【No.1439】「良い多動」「悪い多動」から「安心して多動」に

若いころの講座、研修への参加は「技・技術の獲得」だったと思います。
しかし私も40代に入り、この道のキャリアも20年以上になってくると、参加の目的が「言葉の獲得」に変わるのだといえます。


先日のブログでも紹介した花風社さんの講座です。
第二部の「社会で生きる神経を育もう」
講師は吉里恒昭さん(臨床心理士・公認心理士)。
を視聴しました。


「ポリヴェーガル理論」の考え方をベースに自律神経の話、本人の意思とは異なる形で現れる行動に対する援助と子育てのアイディアなどを聴くことができました。
「ポリヴェーガル理論」自体は専門的な内容で理解するにはそれなりの知識が必要なのですが、まさに実践家で日々患者さんと接している吉里さんは「難しいことをわかりやすく」「専門的なことを自らで、家庭で取り組みやすいように」お話されていました。
我が子の行動の理解、よりよい子育てへのヒントが詰まった内容でしたので、視聴された親御さん達にとっても実りが多い講座だったと思います。

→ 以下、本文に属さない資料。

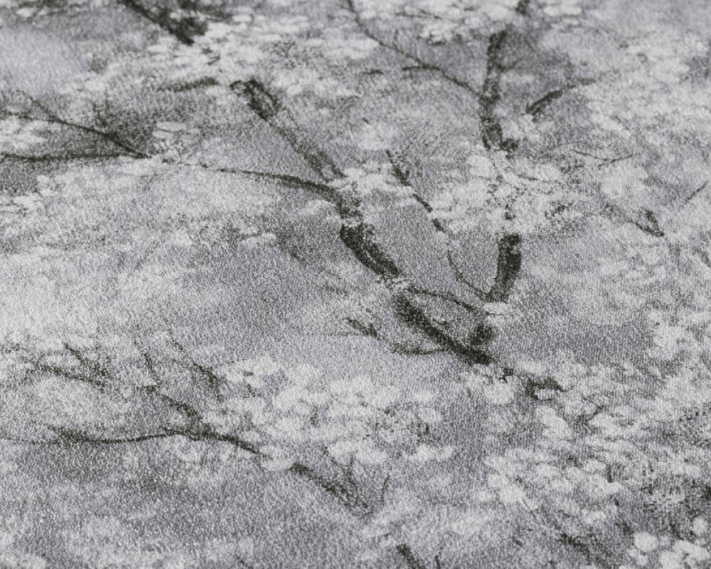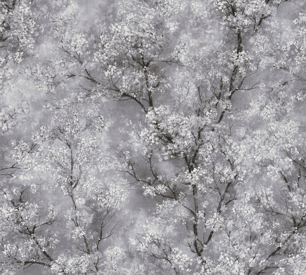 Tapeta w drzewa kwieciste, w odcieniach szarości, bieli

私にとっては冒頭でお話した通り、言語化を助けてもらう講座になりました。
一つ例を紹介させていただくと、「良い多動と悪い多動がある」ということ。
施設でも、いま、行っている家庭支援でも、これは「止める必要がない多動」「ポジティブな意味がある多動」と、これは「すぐに止める必要がある」「意識を別のものに移す必要がある多動」「ネガティブな意味を持つ多動」を瞬時に判断し、対応してきました。

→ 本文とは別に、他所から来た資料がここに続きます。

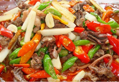 黔江鸡杂运用土家烹饪方法,以鸡肠、鸡肝、鸡心等鸡内脏为原料,并把鸡肉切成薄片,辅以土豆块、尖头泡椒、鲜葱等烹制而成,口味麻辣兼备,色鲜味美,醇香可口。

基本的に親御さんは「多動=問題」「多動=障害」とネガティブなものとして捉えていると思います。
でも実際はネガティブなものばかりではなく、「自らの心身を整えるための多動」「自らの身体、神経を育むための多動」があります。
癒しと成長のための多動ですね。
そういった多動も、止められている場合、それができないような環境にされている場合が少なくないような気がします。
とくに療育や学校ではそっちが多いですよね。
あまりポジティブな意味で、自閉っ子、発達障害の子の行動は見られていない。


癒しと成長のために必要な多動(多動以外も)があります。
いま、このブログを読まれている方の中にも、「そうそう、発達相談のとき、そんなこと言ってた!」と思い出される親御さんもいると思います。
意味があって、必要があって、その行動をしていることもある。
そういった場合は止めることよりも、やりきらせてあげることで、またそれが望ましくない形なら周囲の人、環境と折り合える別の行動へと導いていくことが大切です。
そういった説明をするとき、私は「良い多動」「悪い多動」という説明をしてきました。
ちなみに悪い多動とは何をすべきか、求められているかわからないで起きる多動、フラッシュバック、情報過多で脳が混乱していることによる多動、「No」がいえない、わかってもらえない、伝わらないことによる多動などになります。


吉里さんの講演の中に「安心して〇〇できる」というお話がありました。
「緑で赤とつきあう、ブレンドする」ですね。
まさに安心した状態で多動をしている、多動ができることの大切さ、意味。
また新しい言葉を教えてもらい、これからの発達相談、援助で「安心して~」というワードを使っていきたいです。
たぶん、私が今まで使っていた「良い多動」「悪い多動」よりもずっとイメージしやすくて、具体的な子育てを連想させやすいと思います!


最後に自律神経に関連すれば、体温を上げるための多動もあると思います。
発達相談でも、子ども達の手、足が冷たいのがよくわかります。
神経発達がうまくいっていない子に「体温が低い」「平熱が低い」子が多くいます。
35℃代だったり、中には35℃代前半の子もいますね。
自律神経失調症、自律神経がうまく働ない人と「体温が低い」の関連性は医学的にも指摘されています。
子どもさんの中には、動き回ることによって体温を上げ、身体で感じている不調、不具合、不定愁訴を調整しようとしている様子もみられますね。